Since we put the stove back in, following the installation of the new hearth stone, it has been drawing really slowly and keeping a nice slow burn. This has meant we’re getting through far less wood than last winter, when we were chucking wood on and needing to keep quite a high burn to get a decent internal temperature in the house.

I had thought this was mainly to do with the new external insulated render, which we had installed in March last year.

It turns out, it was far more to do with the fact that the flu pipe which comes up directly from the stove wasn’t even connected to the chimney liner! It was burning slowly because there was very little air flow up the chimney. I had discovered smoke collecting in the loft. This had been an issue we experienced before we had the chimney lined and was due to smoke getting through the small gaps in the stacks mortar. The idea of the liner was that the smoke wouldn’t even enter the main chimney, but be carried up the liner and out from the cowel at the top of the chimney pot. Claire had already called a chimney company who had said it sounded like a torn liner.

So, my hunch was that there wasn’t a liner tear and thought immediately it was a connection problem, mainly because the stove had recently been re-fitted. First thing I saw when I inspected it yesterday morning was the image above!

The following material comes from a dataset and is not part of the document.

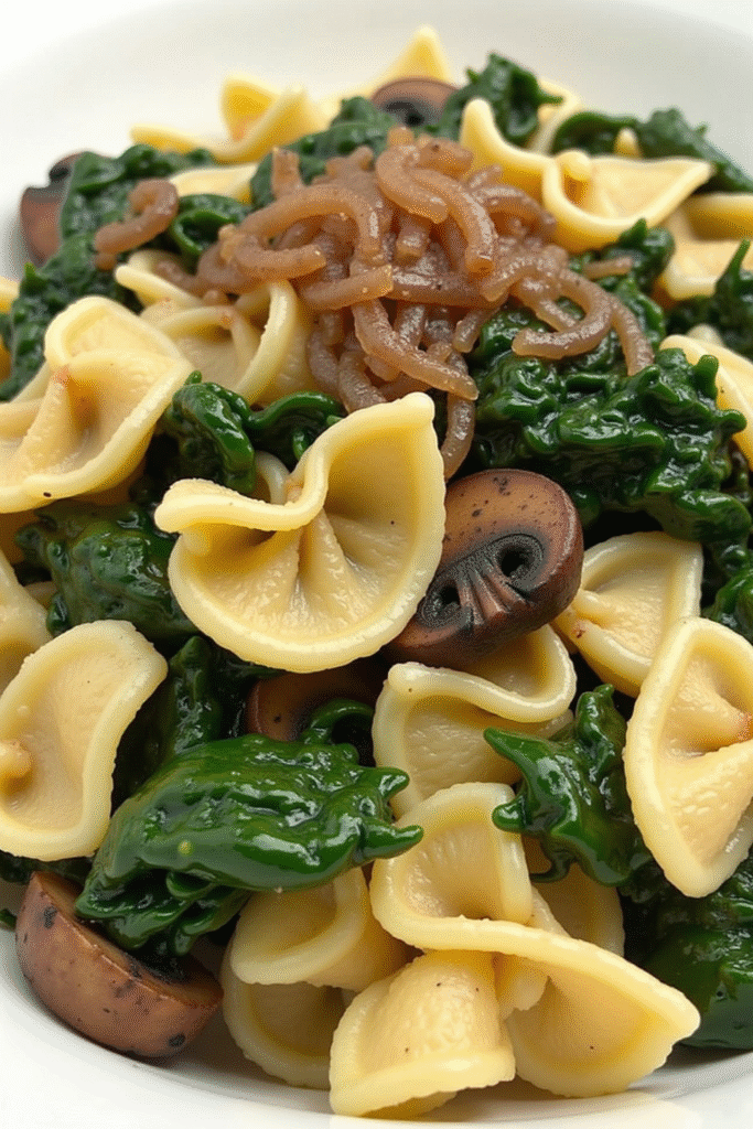 Farfalle Pasta with Spinach, Mushrooms, and Caramelized Onions – A Cozy Holiday Dish

It took about 1.5 hours to get the register plate off, check the problem, fix the pipes together again and fix the register plate back up + clean and hoover all around. Not bad and I know it’s fairly easy to do if the stove needs to be taken out again.

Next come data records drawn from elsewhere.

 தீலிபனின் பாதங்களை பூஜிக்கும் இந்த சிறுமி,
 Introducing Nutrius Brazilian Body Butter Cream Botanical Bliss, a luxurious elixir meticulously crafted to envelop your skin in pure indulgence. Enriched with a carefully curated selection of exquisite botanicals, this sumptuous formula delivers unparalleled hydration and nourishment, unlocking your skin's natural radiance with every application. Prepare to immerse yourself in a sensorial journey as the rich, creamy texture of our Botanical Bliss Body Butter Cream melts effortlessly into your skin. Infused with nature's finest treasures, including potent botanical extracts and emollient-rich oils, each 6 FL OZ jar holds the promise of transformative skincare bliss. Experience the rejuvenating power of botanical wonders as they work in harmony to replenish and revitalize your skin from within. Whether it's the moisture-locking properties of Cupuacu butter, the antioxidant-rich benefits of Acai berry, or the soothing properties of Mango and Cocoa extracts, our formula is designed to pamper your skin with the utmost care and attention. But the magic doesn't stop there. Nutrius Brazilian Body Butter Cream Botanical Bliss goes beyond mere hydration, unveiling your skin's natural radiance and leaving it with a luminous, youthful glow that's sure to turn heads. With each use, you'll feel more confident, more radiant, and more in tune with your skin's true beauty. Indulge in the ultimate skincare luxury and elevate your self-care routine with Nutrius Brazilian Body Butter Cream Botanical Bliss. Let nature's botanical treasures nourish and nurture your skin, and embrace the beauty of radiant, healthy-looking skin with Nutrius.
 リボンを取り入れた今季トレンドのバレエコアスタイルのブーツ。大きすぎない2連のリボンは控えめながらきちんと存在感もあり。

The result of the re-connection is the stove is eating the wood up at a fierce rate! Maybe twice the rate as before but a bit less heat coming out into the room. Much more heat is now just going up the chimney and not being held in the stove. The solution to this problem is fairly simple: a stove damper.

This fits into the flu pipe, above the stove and below the service door, and can be turned to let more or less air up the liner. Some air is always allowed up through it though. The chrome handle matches the stove and it was only about £13. This will hopefully allow us to control the fire much more precisely and be able to leave it on very low while we’re out of the house for a few hours. It does require two holes to be drilled in the flu pipe but this shouldn’t be a problem (famous last words!).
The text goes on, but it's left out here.